Abstract

Fiberglass liners with polished bore seal assemblies are being successfully used to salvage old injection wells as less than half the cost of drilling the wells again. Components of conventional waterflood fiberglass liner completion equipment used in the past to improve well conditions and injection profile control were modified or changed.

Introduction

Tertiary oil recovery techniques, such as carbon dioxide (CO2) flooding, require a closer economic evaluation of problems previously accepted during waterflooding. The Seminole San Andres Unit (SSAU) in Gaines County, Texas operated by Amerada Hess Corporation, is a field with some problems that are now being addressed due to the increased cost of flooding a reservoir with the water-alternating-gas (WAG) CO2 flooding technique. The cost of injecting one reservoir barrel of water in the SSAU is approximately six cents whereas the cost for injecting one reservoir barrel of CO2 is approximately two dollars and forty cents, a significant difference.

SSAU injection wells are an area that previously accepted problems are now being confronted to optimize the success of the CO2 flood. This paper reviews the history of problems with these wells and the development of a fiberglass liner with a polished bore seal assembly for solving these problems.

RESERVOIR BACKGROUND INFORMATION

The dolomite San Andres formation of Permian age located near Seminole, Texas (Figure 1) was first discovered in 1936. The formation is produced from a total depth of 5300 feet (1.615 E + 03 m) with an average pay thickness of 126 feet (3.84 E + 01 m). The cap rock of t he formation is a dense dolomite with an anticline structure for trapping oil. Original oil in place was 971 million barrels (1.54 E + 08 m3). Primary depletion by solution gas drive recovered an estimated 268 million barrels (4.26 E + 07 m3) of oil. The field was unitized in 1969 for the purpose of waterflooding. Secondary recovery is expected to recover an additional 204 million barrels (3.24 E + 07 m3) of oil. In 1983 CO2 flooding the reservoir with the WAG method was begun as a tertiary recovery technique for recovering an estimated 138 million additional barrels (2.19 E + 07 m3) of oil. The field is being developed into an 80 acre (3.34 E + 05 m2) inverted nine spot pattern with currently 427 producing wells and 161 injection wells of which 107 are WAG injectors.
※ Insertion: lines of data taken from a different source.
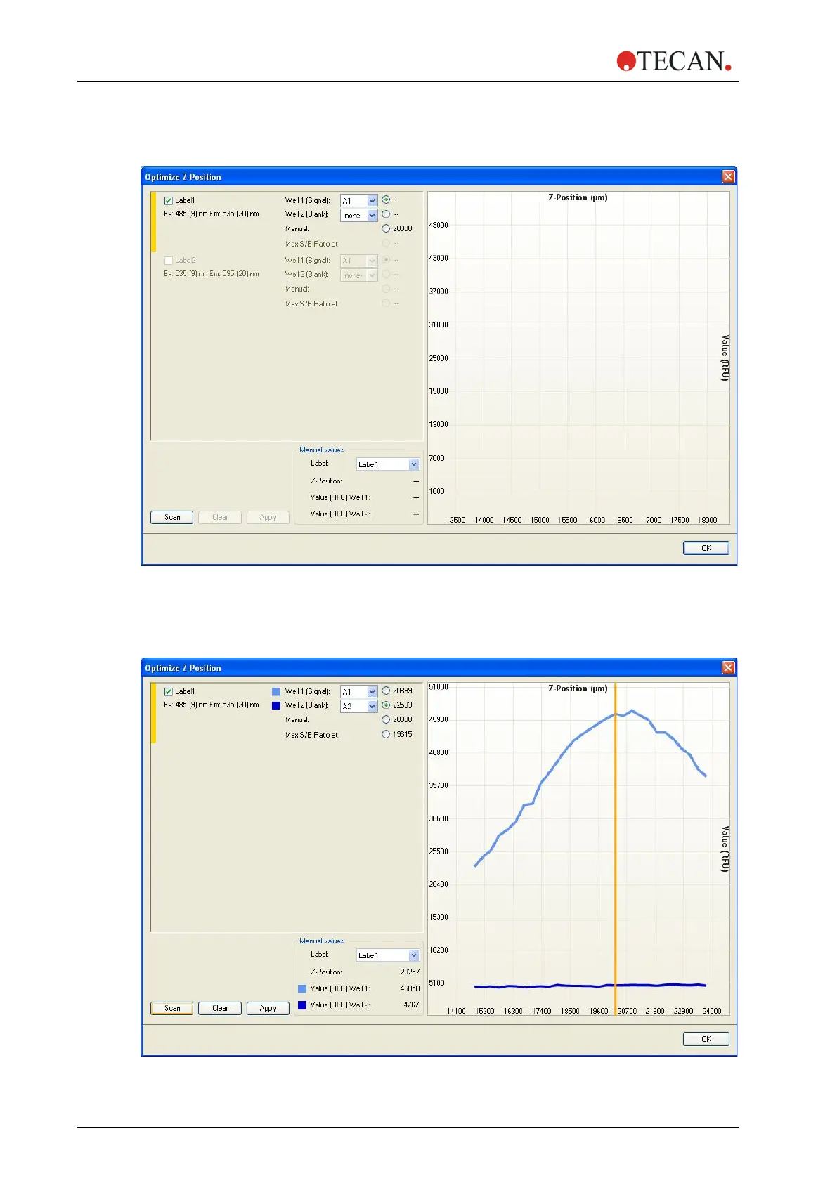 for the z-position optimization. Select the well(s) and click ‘Scan’ to start the z-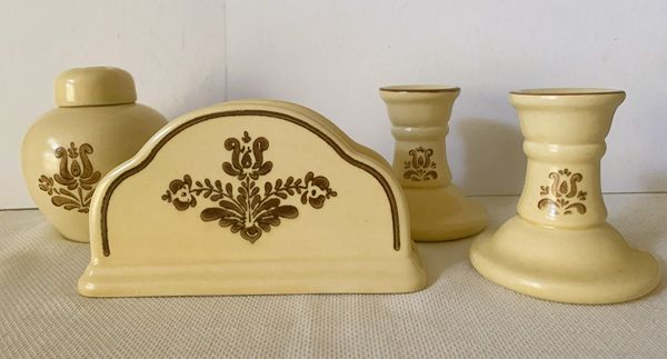 Vtg Pfaltzgraff Village candlestick candle holders pair & napkin holder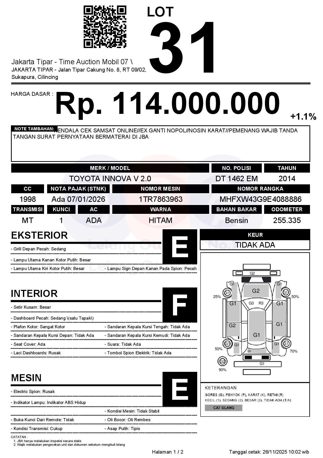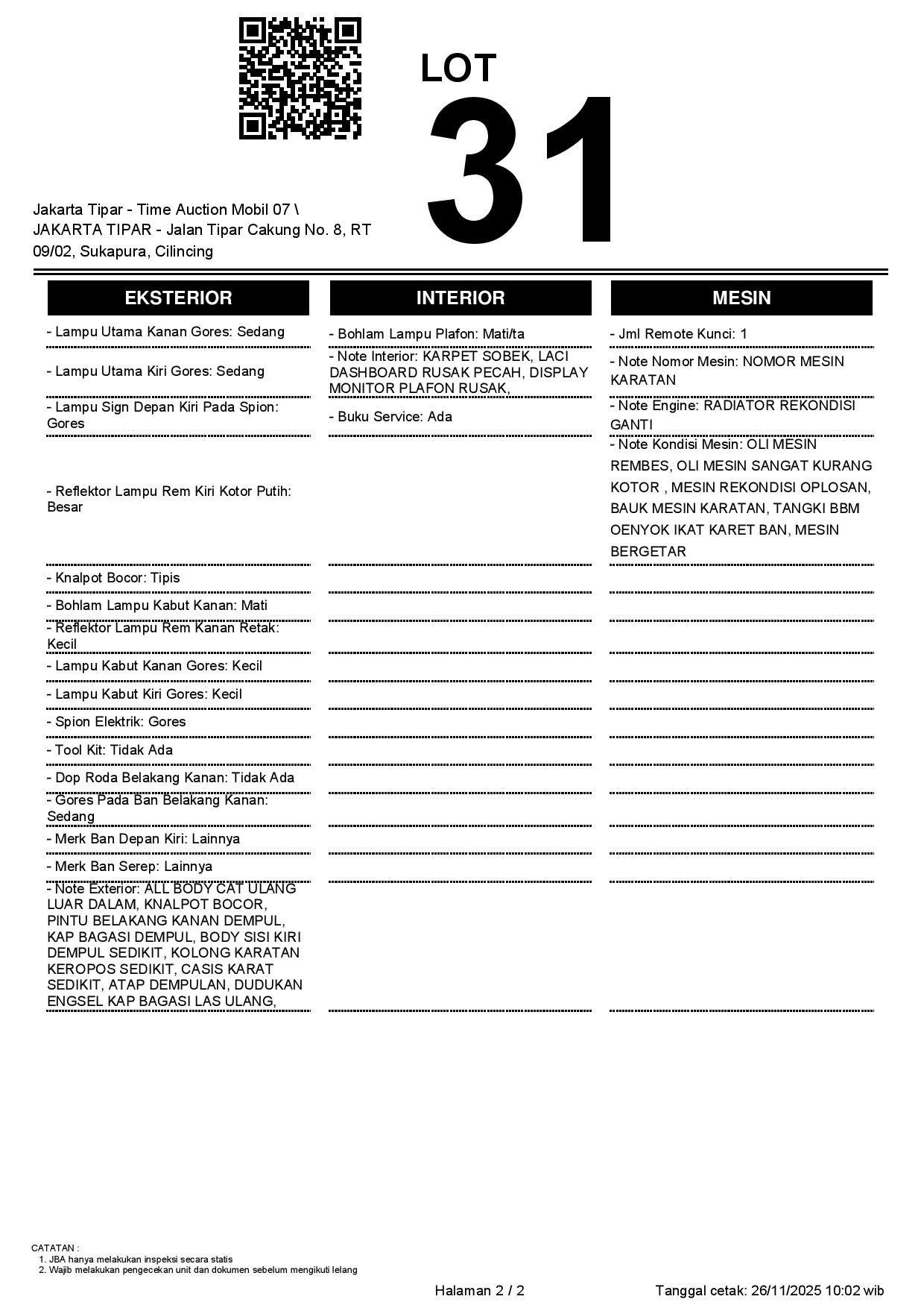 - Kondisi objek lelang dilelang apa adanya, baik kondisi fisik, mesin maupun legalitas kendaraan. Jika terdapat kekurangan/cacat baik yang terlihat maupun yang tidak terlihat, maka semua akan menjadi tanggung jawab/risiko Pemenang Lelang. Oleh karena itu, Pemenang Lelang melepaskan segala hak untuk menuntut dan/atau meminta ganti rugi atas hal tersebut kepada JBA.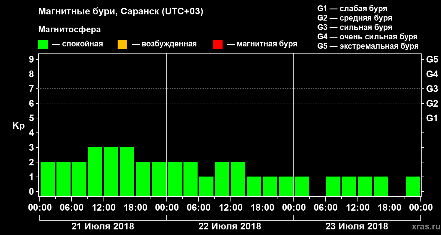 Изменения геомагнитного индекса Kp с 21 по 23 июля 2018 года для средних широт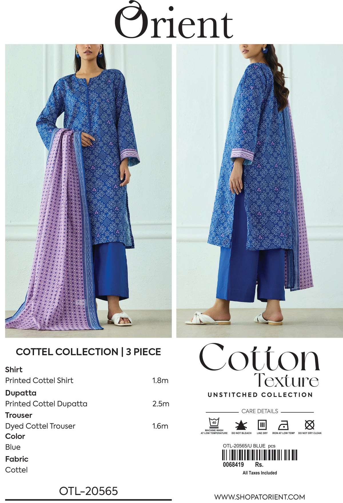 Unstitched | 3 Piece | Printed | Cottel Shirt | OTL-20565/U BLUE
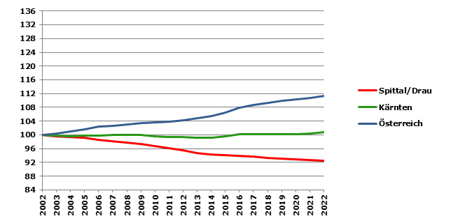 Zwischen 2002 und 2022 ist die Bevölkerungszahl (Statistik des Bevölkerungsstandes) im Bezirk Spittal/Drau um 7,5% zurückgegangen (Kärnten: +0,8%, Österreich: +11,4%).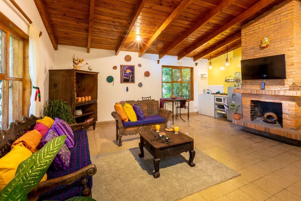 Welcome to Santiago, a tranquil town nestled along the southwest shore of Lake Atitlán. This stone cottage is set in a lush, tropical garden with Volcán San Pedro rising up directly across the lake. Have your morning coffee on the front patio or relax in the hammock. Have a barbecue or make a fire in the outdoor stone oven/fireplace or relax at sunset on the brand new mirador. Make use of the shared community facilities including a swimming pool, jacuzzi, sauna, and access to kayaks and canoes.

GENERAL INJECTION WELL HISTORY

Over 90% of the WAG injection wells in the field were drilled in the 1940's. These wells were completed with production casing set into the cap rock of the formation followed by drilling the pay zone. They were oil producers until converted to injectors for the water and the CO2 floods.
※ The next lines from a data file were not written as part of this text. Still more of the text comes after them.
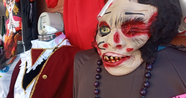 Desde los 250 a 900 el precio de los disfraces en un establecimiento de las calles del Centro. Varía, dependiendo del tamaño y los objetos que la acompañen.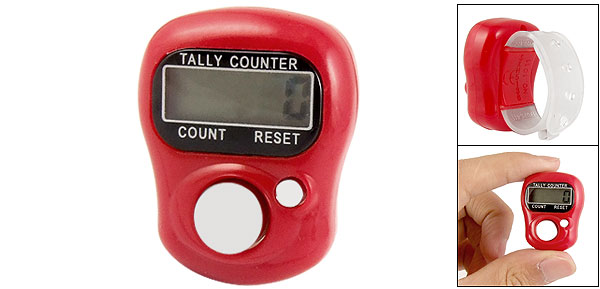 Adjustable Band 5-Digital LCD Finger Tally Counter Red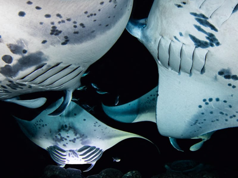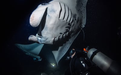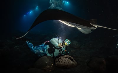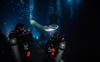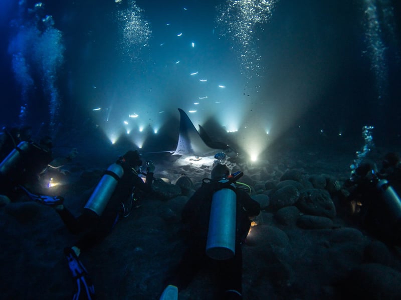 Explore Kona's vibrant reef at dusk and encounter majestic manta rays after dark on one unforgettable dive charter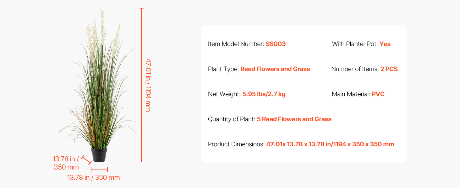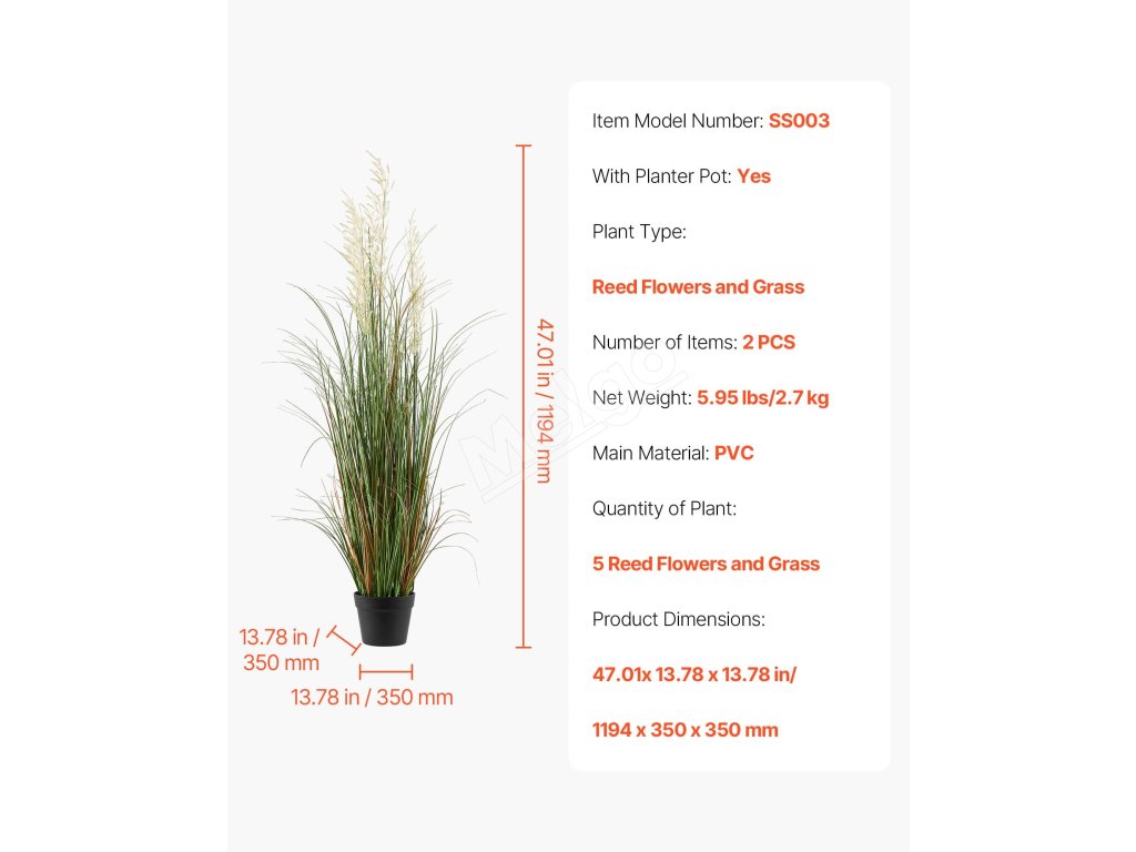 Naša umelá trávnatá rastlina v kvetináči je vyrobená z robustného materiálu PVC, takže nevädne ani sa ľahko neohne. Opakovane použiteľná so vzpriamenými listami, ktoré si zachovávajú prirodzený vzhľad a trvalú krásu.

The San Andres reservoir has a good waterflooding history of matching theoretical zonal injection (porosity-feet profile) and logged zonal injection. The injection profile logs combined with an efficient oil recovery have verified the reservoir's ability to waterflood property with the open hole completion technique.

As shown in Figure 2 the water injection well completion utilized an injection packer installed within 200 feet (6.10 E + 01m) of the casing shoe. Injection well work during the waterflood was minimal due to an equipment failure rate of less than five percent a year.

No changes were chosen from the open hole completion technique when these wells were placed on WAG injection due to their successful history during waterflooding. Although casing inspection logs ran prior to CO2 injection indicated some deterioration below the packer, the corrosion was not significant enough to have caused numerous failures in the past. Now five years since the commencement of CO2 injection in the field, casing problems are slowly occurring and no field wide history of poor injection profile control has been observed.

PREVIOUS LOGIC AND REPAIR TECHNIQUES USED ON PROBLEM INJECTORS

Prior to CO2 flooding a small number of injection wells experienced significant water loss due to a hole in the casing below the packer or an open hole thief zone. They were repaired for one or more of the following reasons:

  1. Injection into the main pay zone was decreased to the point that withdrawals were affected.

  2. The cost of water lost justified working on the well.

  3. Life of a well was jeopardized due to the possibility of casing collapse.